Unless they sell lots of these new HD DirecTivos, I wouldn't expect any significant enhancements or new features to be added.


----------



## dirk1843 (Jul 7, 2003)

llarch said:


> No whole-home DVR (MRV)
> No web video access (YouTube)
> No iPad app support
> No 3D support
> ...


YMMV.....but for me:

YouTube......who cares?
iPad support.....again who cares?
3D....flash in the pan
HD GUI......would be nice, but my HDTiVo doesn't have it
HR24 hardware...again, you won't miss what you never had

I don't mean to sound like these don't matter to ANYONE, but for TiVo fans who simply want the best DVR they can get, those features are meaningless.

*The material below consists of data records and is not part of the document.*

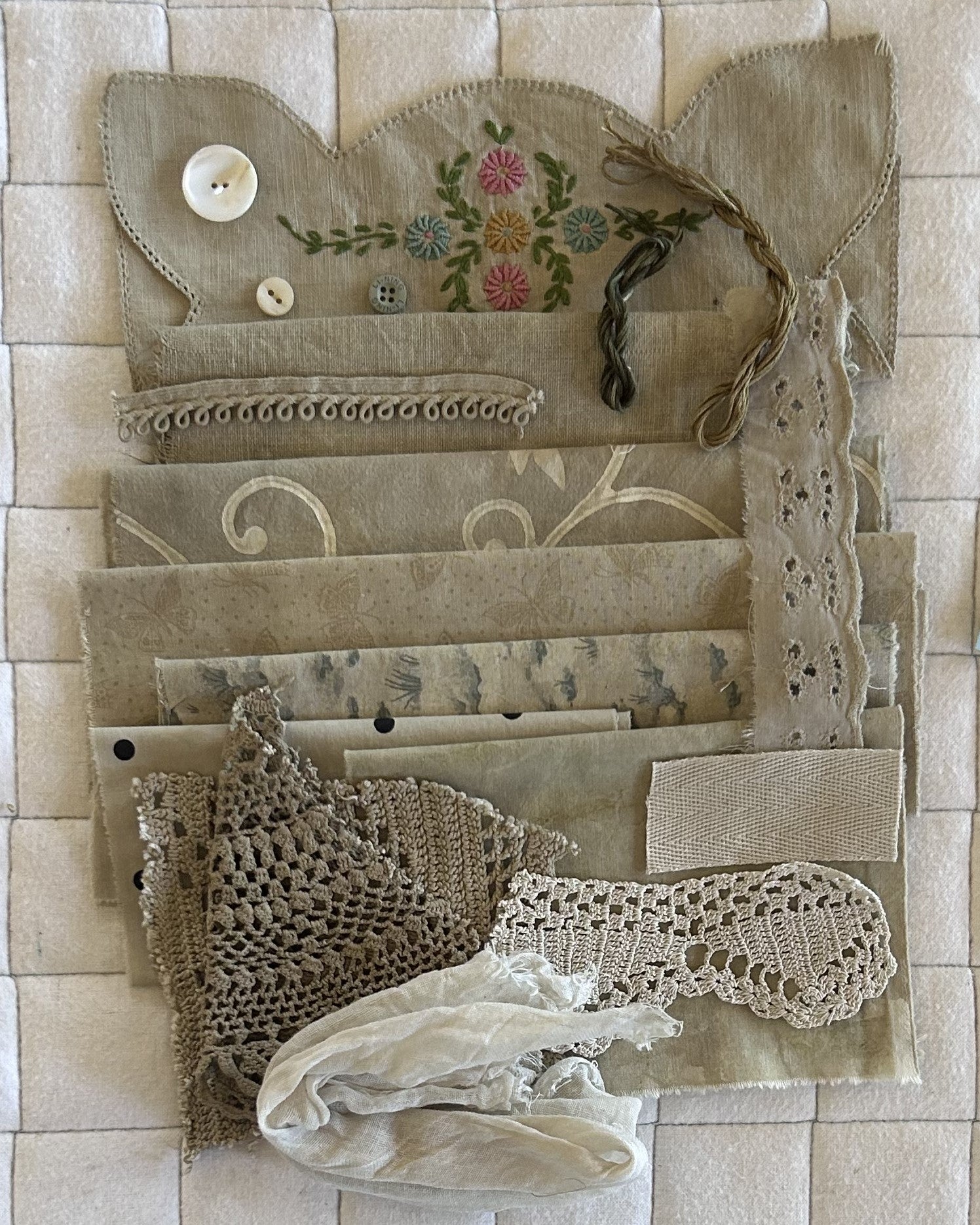 A thoughtfully curated collection of naturally dyed textiles, created using elder flower with iron to produce soft, earthy hues and subtle variations unique to each piece. This bundle features a mix of repurposed cottons, linen, trims, lace, and thread—each infused with botanical character and layered history.
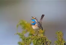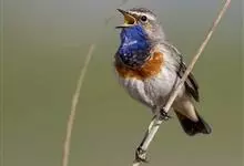 蓝点颏亦称“蓝喉歌鸲”,通称蓝靛颏儿。身体大小和麻雀相似,体长12-13厘米,体重17-18克。头部、上体主要为土褐色。眉纹白色。尾羽黑褐色,基部栗红色。颏部、喉部辉蓝色,下面有黑色横纹。下体白色。…全部>>
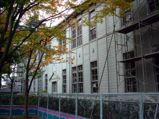 既に校舎の半分は塗りなおしが終わっていたが、足場はまだ残っていた。
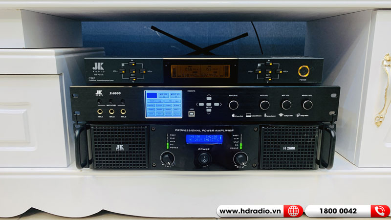 Lắp dàn karaoke JBL chị Trang ở Hoàng Mai, Hà Nội (Loa JBL Pasion 12, Đẩy JKaudio H2600, Vang số JKaudio X8000, Micro JKAudio B5 Plus)
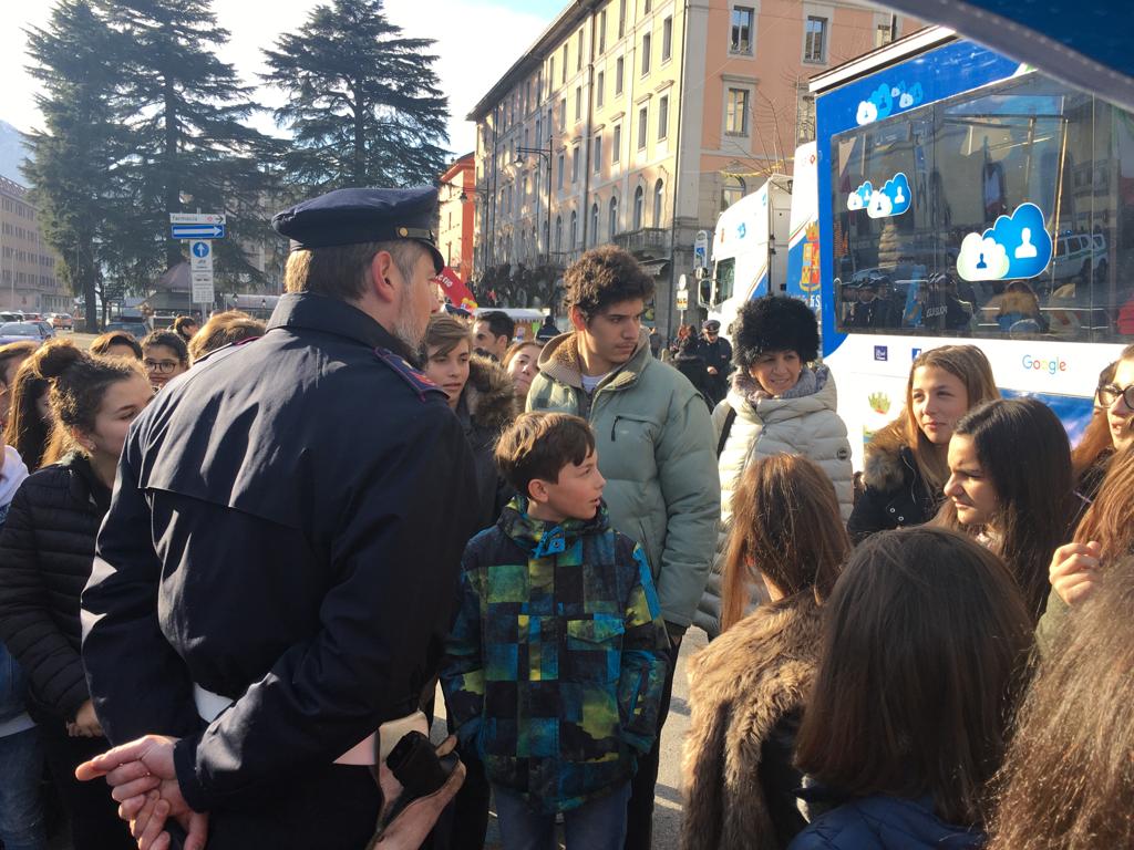 DOMODOSSOLA- 30-01-2018- E' approdato stamane a Domo, davanti alla stazione, dove è stato visitato dai rappresentanti di varie scuole, il tir della polizia allestito per il progetto “Una vita da social”, per educare i giovani ai rischi del web: "!Perennemente connessi alla rete e, attraverso il web, tra loro- spiegano dalal Polizia- sono gli adolescenti di oggi, fruitori instancabili di social networks, “contenitori” nei quali finisce una parte considerevole della loro vita: foto, video, confidenze, anche le più intime.
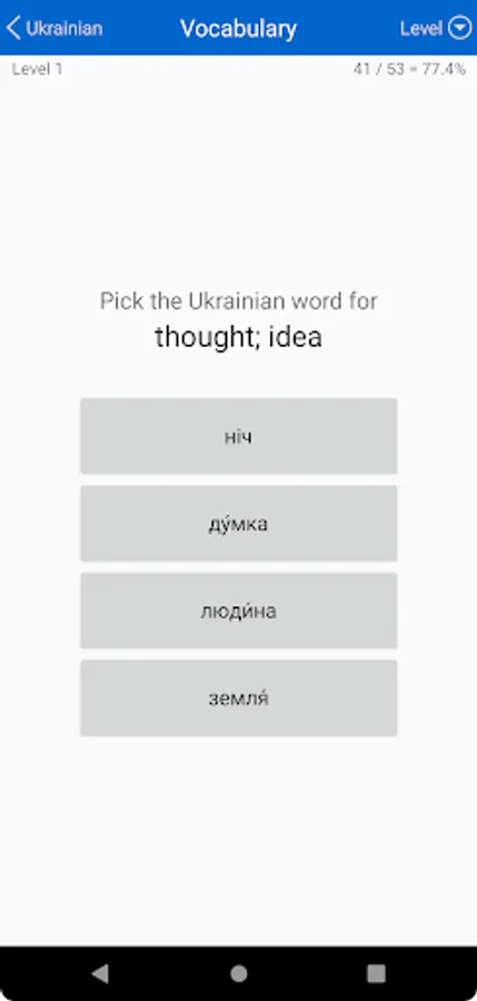 • Vocabulary: 151 levels, each testing the meanings of ten Ukrainian words. Interspersed among these are cumulative levels reviewing what has been learned earlier (giving a total of 171 levels).
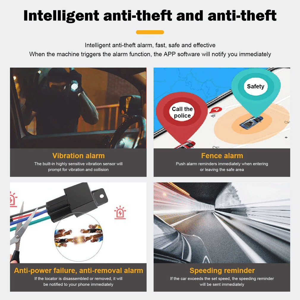 • Intelligent Anti-Theft System: Automatically cancel the anti-theft mode when car starts, when car power off, the GPS tracker will automatically enter the anti-theft mode.
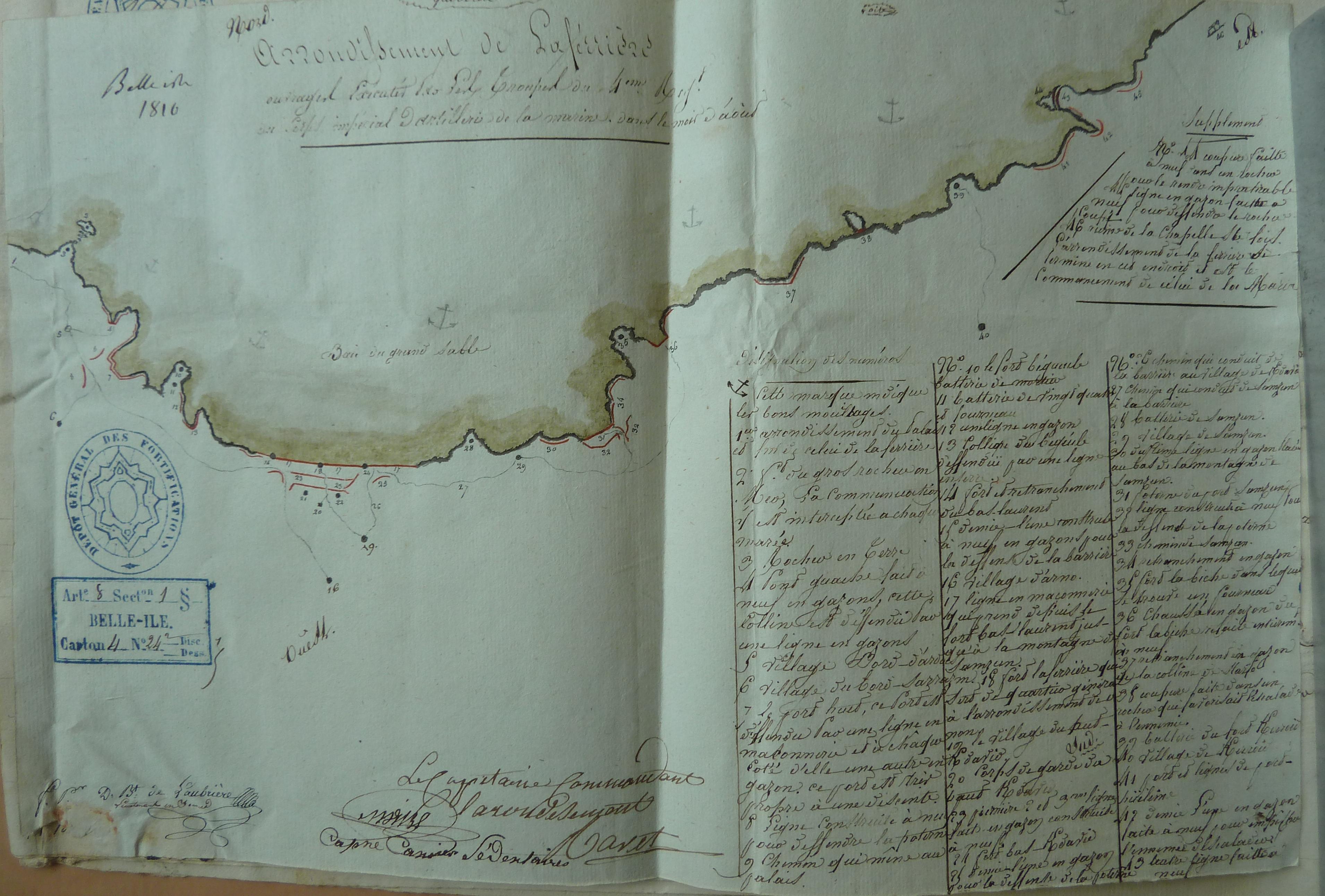Service historique de la Défense, département Armée de Terre, Vincennes. Archives du Génie ; Article 8, Places françaises et d'Algérie : 1 VH 286, Place de Belle-Île-en-Mer, projets et dépenses annuels, 1807-1816. Arrondissement de Laferrière, ouvrages exécutés par les troupes du 4ème Regt du corps impérial d'artillerie de la marine dans le mois d'août, 1810.

I just wanted to add to the list:

NO: NetFlix or Pandora.

These are both something I use. However Pandora is better on my Oppo BluRay, BUT out of all the ways I have to watch NetFlix streaming, TiVo is always my "go-to". I would miss that, but do have other sources......and NetFlix is low on my list of favorite things anymore.


----------



## BOBCAT (Nov 28, 2002)

Just ordered my THR-22 from D*.
The installer will be here on the 13th.
Sense it was a new equipment order, had to commit to another 24 months of service which it no big deal as I'm not going anywhere.
I have lifetime DVR service so the THR-22 is covered under that. Just had to pay for the additional receiver which was $6. 
Will post again with some details about it after it arrives.


----------